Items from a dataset
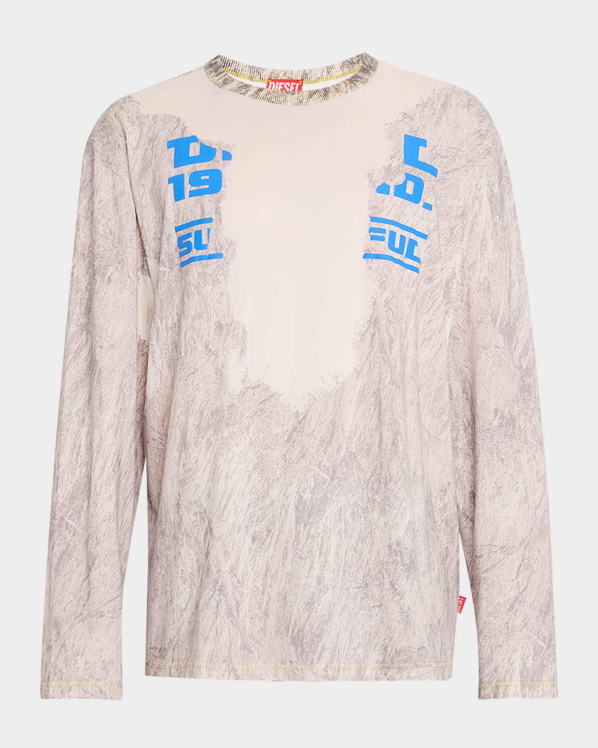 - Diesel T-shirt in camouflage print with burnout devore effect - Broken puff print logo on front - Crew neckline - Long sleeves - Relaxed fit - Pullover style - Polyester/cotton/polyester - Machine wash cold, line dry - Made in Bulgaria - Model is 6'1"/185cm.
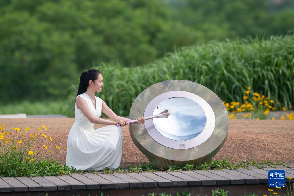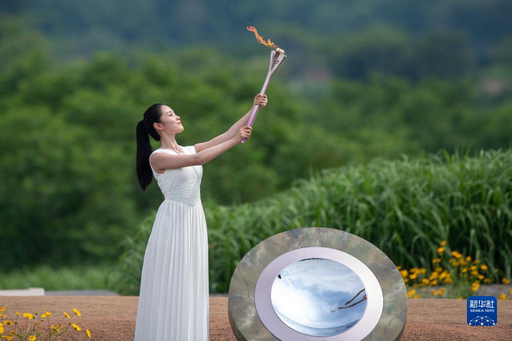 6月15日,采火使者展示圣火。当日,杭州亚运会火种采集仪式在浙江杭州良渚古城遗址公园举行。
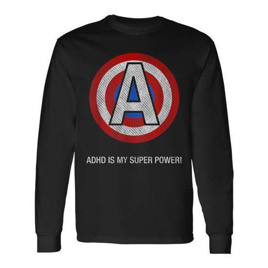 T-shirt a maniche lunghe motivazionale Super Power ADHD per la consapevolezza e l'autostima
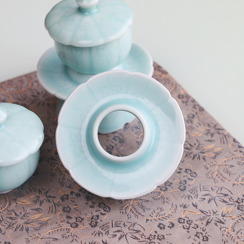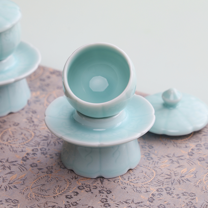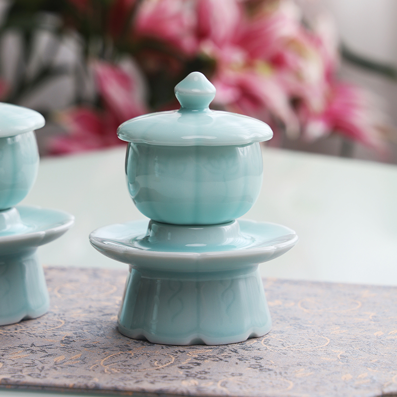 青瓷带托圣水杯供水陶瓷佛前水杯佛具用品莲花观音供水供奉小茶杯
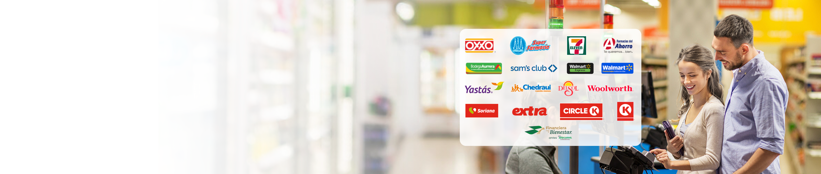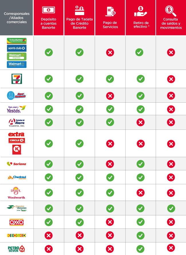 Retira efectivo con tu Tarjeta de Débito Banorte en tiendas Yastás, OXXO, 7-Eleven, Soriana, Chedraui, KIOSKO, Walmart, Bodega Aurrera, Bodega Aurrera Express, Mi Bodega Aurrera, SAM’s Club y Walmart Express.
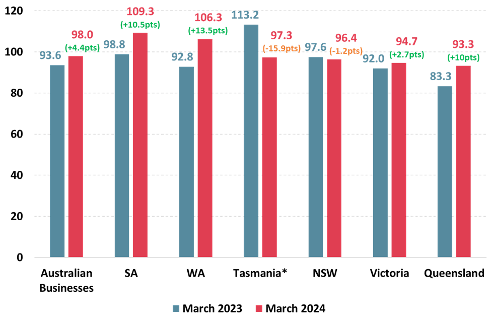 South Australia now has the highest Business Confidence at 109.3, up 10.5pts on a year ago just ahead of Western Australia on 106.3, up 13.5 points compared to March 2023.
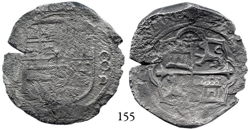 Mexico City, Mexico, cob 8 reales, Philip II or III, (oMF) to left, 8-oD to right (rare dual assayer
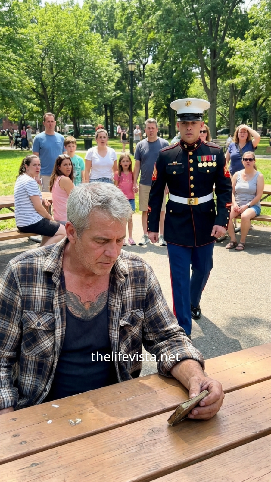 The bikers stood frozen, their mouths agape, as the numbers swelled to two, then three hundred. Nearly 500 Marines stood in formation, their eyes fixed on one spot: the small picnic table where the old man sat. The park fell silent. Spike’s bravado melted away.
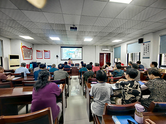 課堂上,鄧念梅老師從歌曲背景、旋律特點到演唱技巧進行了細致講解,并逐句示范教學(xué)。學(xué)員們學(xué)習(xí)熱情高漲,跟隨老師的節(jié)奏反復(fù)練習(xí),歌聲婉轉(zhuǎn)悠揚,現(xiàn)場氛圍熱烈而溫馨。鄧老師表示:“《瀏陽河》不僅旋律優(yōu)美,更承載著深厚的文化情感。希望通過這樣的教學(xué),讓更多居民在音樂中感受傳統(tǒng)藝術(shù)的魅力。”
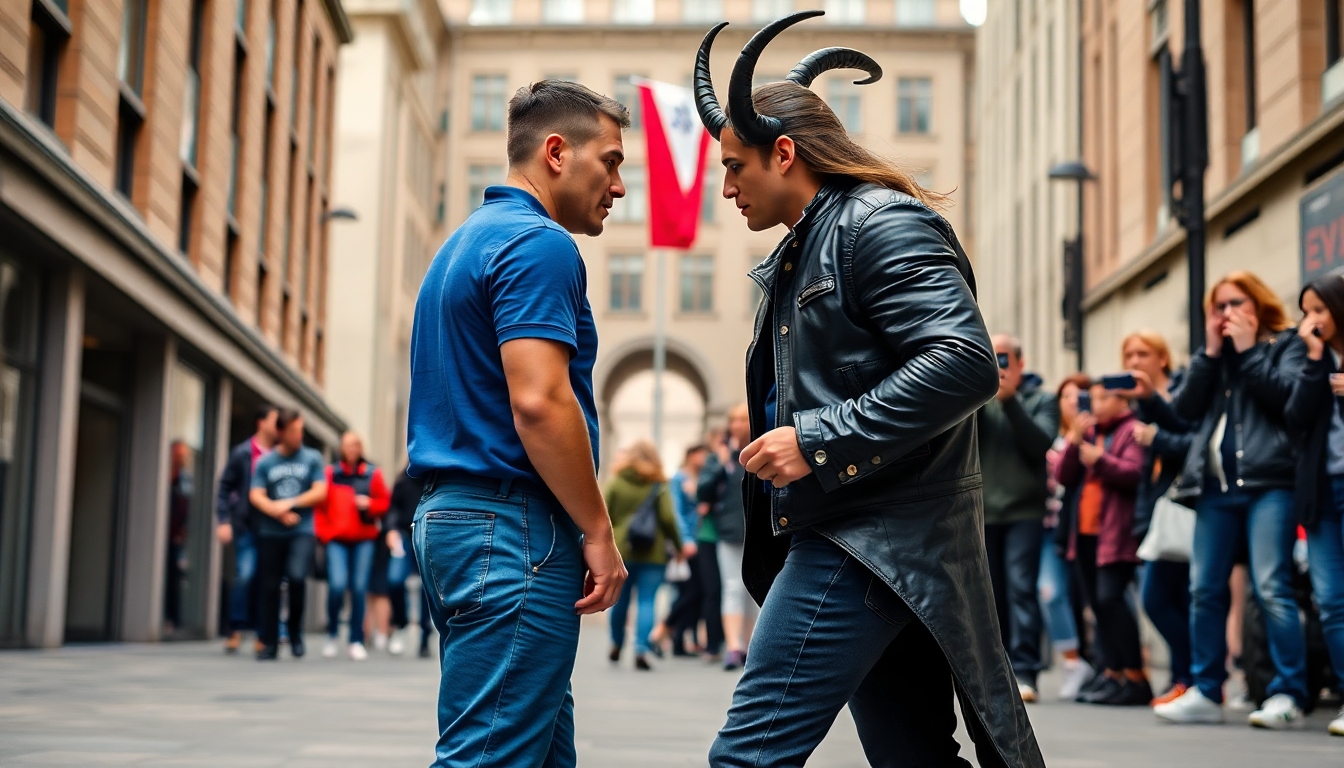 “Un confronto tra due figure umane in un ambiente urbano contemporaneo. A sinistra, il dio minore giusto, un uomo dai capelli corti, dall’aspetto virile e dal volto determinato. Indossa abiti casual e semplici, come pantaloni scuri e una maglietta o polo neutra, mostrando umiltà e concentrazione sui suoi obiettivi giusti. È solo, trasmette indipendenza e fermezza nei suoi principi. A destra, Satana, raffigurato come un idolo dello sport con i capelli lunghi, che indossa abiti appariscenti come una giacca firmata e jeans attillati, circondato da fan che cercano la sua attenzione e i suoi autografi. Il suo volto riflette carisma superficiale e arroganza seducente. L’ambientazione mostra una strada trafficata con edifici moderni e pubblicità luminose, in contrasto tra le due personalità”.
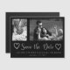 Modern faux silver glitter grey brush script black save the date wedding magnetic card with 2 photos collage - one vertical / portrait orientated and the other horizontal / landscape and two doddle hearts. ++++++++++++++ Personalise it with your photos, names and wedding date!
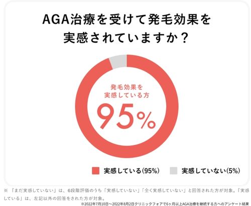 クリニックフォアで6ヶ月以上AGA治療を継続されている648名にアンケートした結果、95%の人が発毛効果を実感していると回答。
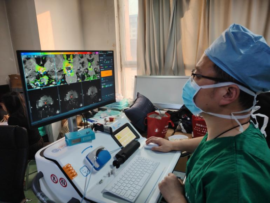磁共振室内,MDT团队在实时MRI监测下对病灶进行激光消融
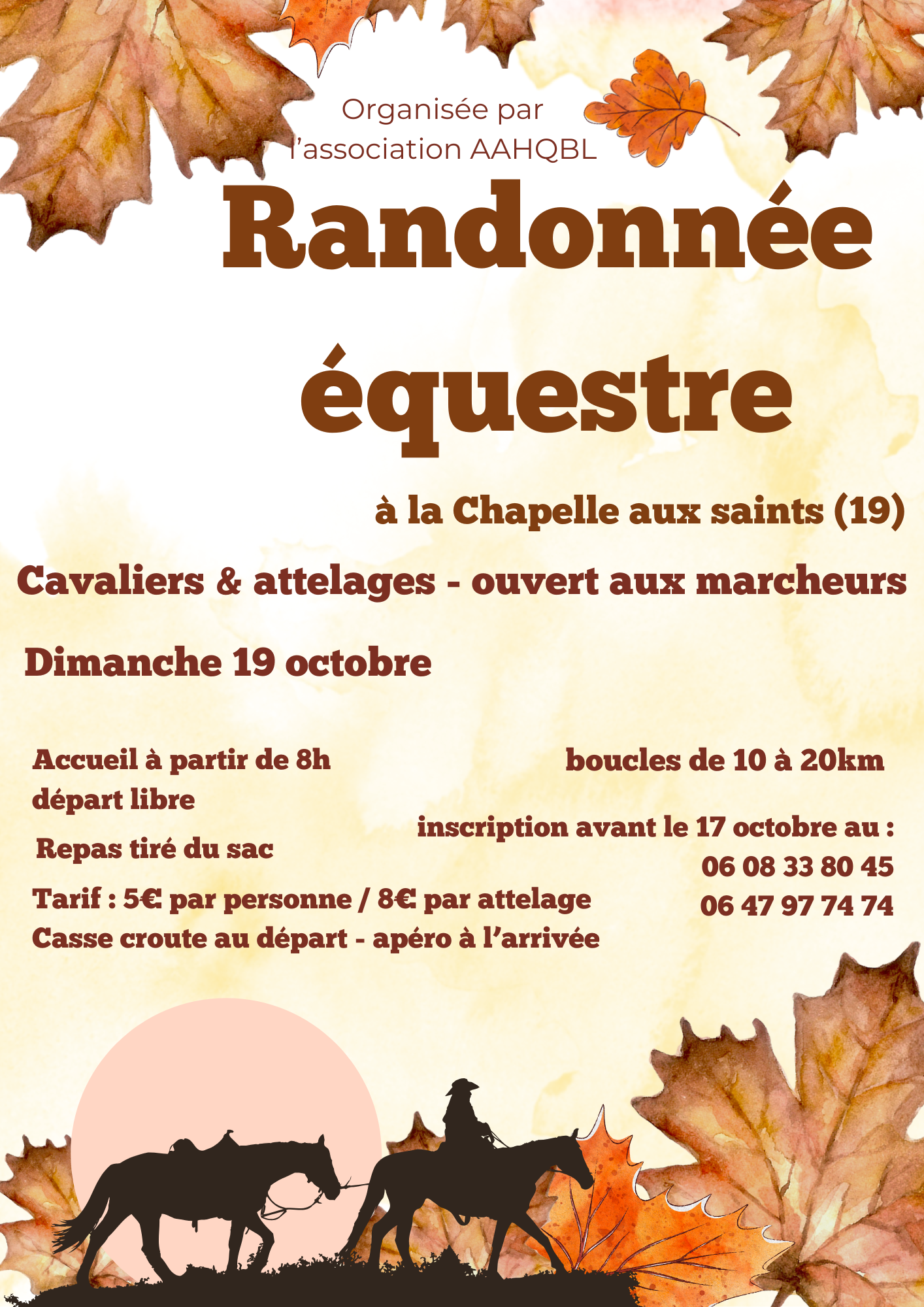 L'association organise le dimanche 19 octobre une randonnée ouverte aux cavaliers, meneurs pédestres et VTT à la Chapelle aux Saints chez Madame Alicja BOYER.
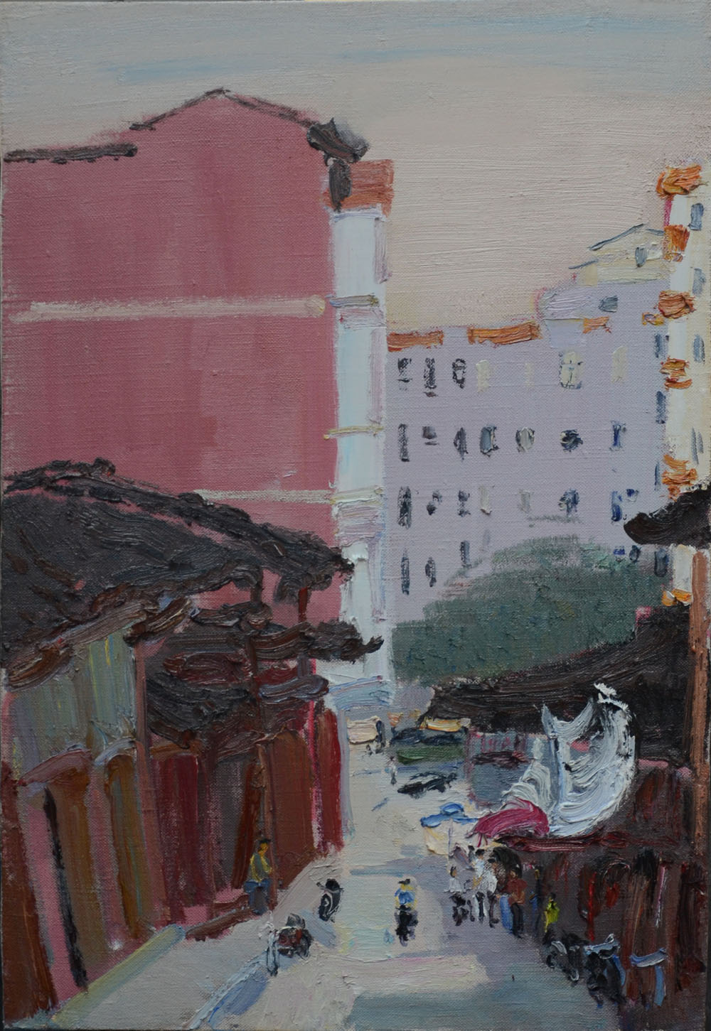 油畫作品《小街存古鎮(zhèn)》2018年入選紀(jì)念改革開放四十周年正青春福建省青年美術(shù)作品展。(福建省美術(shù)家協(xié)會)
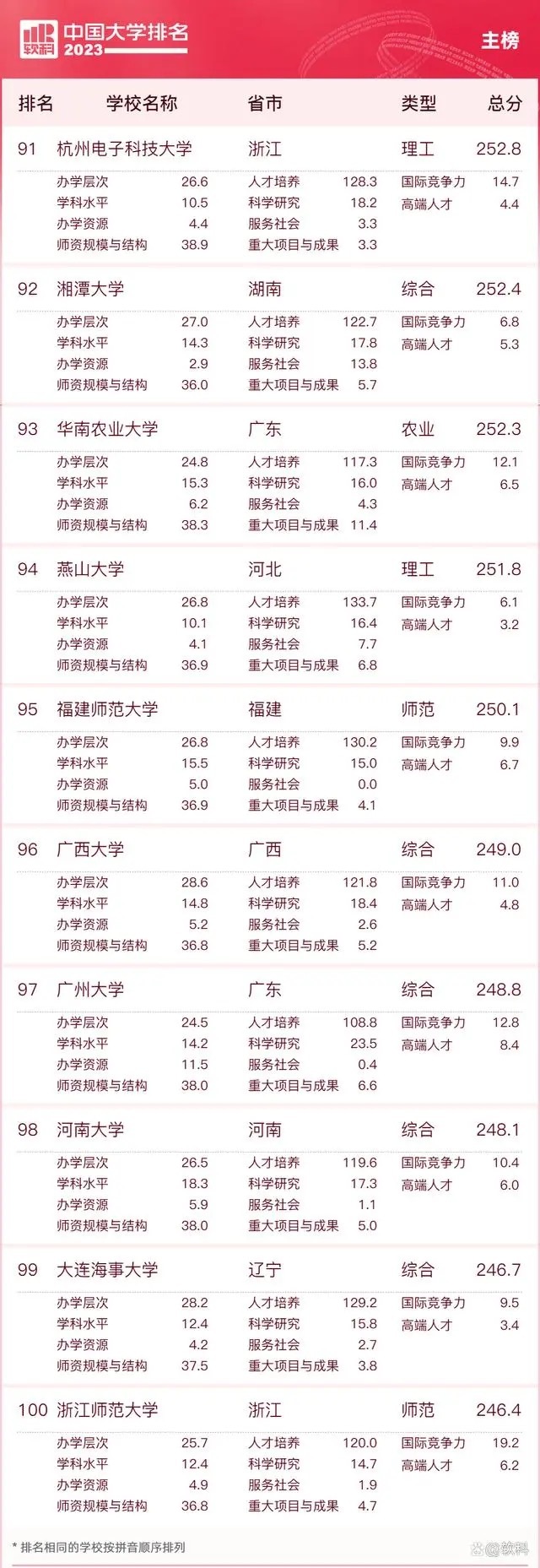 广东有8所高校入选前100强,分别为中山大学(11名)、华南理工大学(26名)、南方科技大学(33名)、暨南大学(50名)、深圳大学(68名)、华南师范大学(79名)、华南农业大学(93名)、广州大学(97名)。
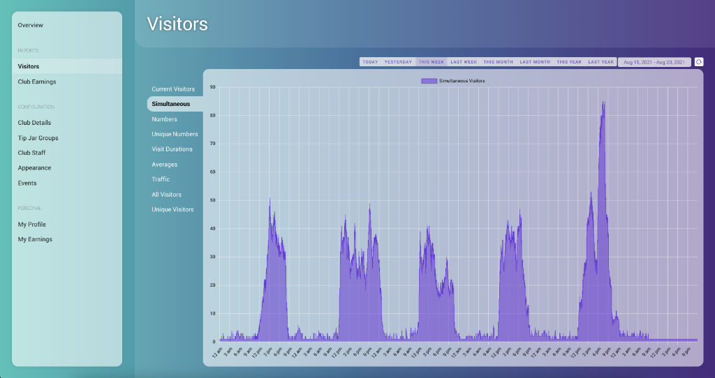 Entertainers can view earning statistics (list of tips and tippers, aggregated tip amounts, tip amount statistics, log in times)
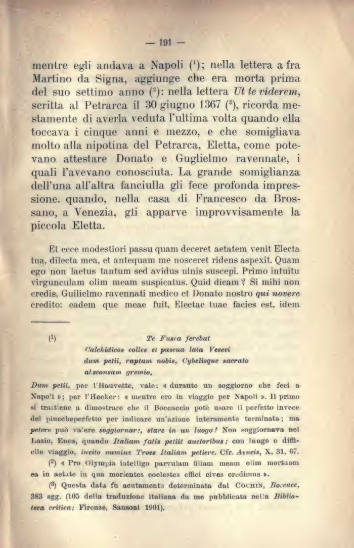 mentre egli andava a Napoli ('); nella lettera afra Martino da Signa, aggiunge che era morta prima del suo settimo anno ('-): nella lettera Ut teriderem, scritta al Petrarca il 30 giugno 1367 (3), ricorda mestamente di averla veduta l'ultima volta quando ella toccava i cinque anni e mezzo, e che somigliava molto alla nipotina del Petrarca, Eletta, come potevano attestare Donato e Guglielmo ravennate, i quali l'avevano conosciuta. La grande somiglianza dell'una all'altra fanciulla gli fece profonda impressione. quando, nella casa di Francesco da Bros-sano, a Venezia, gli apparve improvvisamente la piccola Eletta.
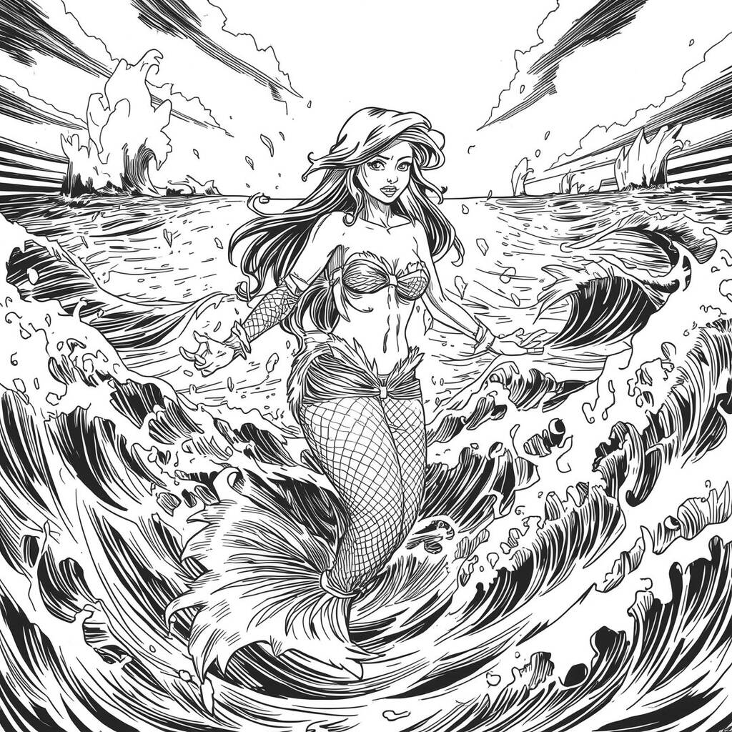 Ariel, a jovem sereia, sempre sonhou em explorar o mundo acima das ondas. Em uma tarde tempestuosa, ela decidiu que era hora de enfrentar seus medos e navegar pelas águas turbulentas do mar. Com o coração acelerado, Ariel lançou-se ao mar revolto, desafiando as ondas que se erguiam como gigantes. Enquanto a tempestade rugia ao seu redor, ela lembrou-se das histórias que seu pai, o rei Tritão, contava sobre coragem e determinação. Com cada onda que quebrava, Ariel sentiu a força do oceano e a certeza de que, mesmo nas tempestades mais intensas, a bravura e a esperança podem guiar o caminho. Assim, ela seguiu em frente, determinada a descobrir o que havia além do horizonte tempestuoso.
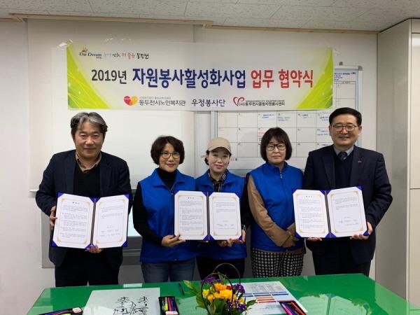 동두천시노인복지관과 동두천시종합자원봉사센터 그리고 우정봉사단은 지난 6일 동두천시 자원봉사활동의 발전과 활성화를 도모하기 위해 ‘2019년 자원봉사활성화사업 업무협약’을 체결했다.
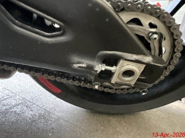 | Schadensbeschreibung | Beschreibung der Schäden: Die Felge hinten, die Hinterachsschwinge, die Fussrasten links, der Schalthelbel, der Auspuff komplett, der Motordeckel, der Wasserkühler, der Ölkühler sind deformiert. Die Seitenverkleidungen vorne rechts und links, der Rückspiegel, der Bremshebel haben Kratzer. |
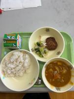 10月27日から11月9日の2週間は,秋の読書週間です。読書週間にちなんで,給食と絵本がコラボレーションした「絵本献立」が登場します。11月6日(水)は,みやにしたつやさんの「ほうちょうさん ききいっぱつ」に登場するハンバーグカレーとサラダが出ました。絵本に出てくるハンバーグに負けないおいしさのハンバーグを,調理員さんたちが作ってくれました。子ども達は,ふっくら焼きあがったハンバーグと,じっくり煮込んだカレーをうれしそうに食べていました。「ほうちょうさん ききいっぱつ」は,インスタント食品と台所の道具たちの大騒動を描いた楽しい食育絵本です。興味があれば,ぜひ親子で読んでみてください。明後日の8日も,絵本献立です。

Required action: Among the entries above, take the line with "Ariel, a jovem", the line with "동두천시노인복지관과 동두천시종합자원봉사센터 그리고", and all the lines between them, and restate them word for word without pictures.

Result for this exercise:
 Ariel, a jovem sereia, sempre sonhou em explorar o mundo acima das ondas. Em uma tarde tempestuosa, ela decidiu que era hora de enfrentar seus medos e navegar pelas águas turbulentas do mar. Com o coração acelerado, Ariel lançou-se ao mar revolto, desafiando as ondas que se erguiam como gigantes. Enquanto a tempestade rugia ao seu redor, ela lembrou-se das histórias que seu pai, o rei Tritão, contava sobre coragem e determinação. Com cada onda que quebrava, Ariel sentiu a força do oceano e a certeza de que, mesmo nas tempestades mais intensas, a bravura e a esperança podem guiar o caminho. Assim, ela seguiu em frente, determinada a descobrir o que havia além do horizonte tempestuoso.
 동두천시노인복지관과 동두천시종합자원봉사센터 그리고 우정봉사단은 지난 6일 동두천시 자원봉사활동의 발전과 활성화를 도모하기 위해 ‘2019년 자원봉사활성화사업 업무협약’을 체결했다.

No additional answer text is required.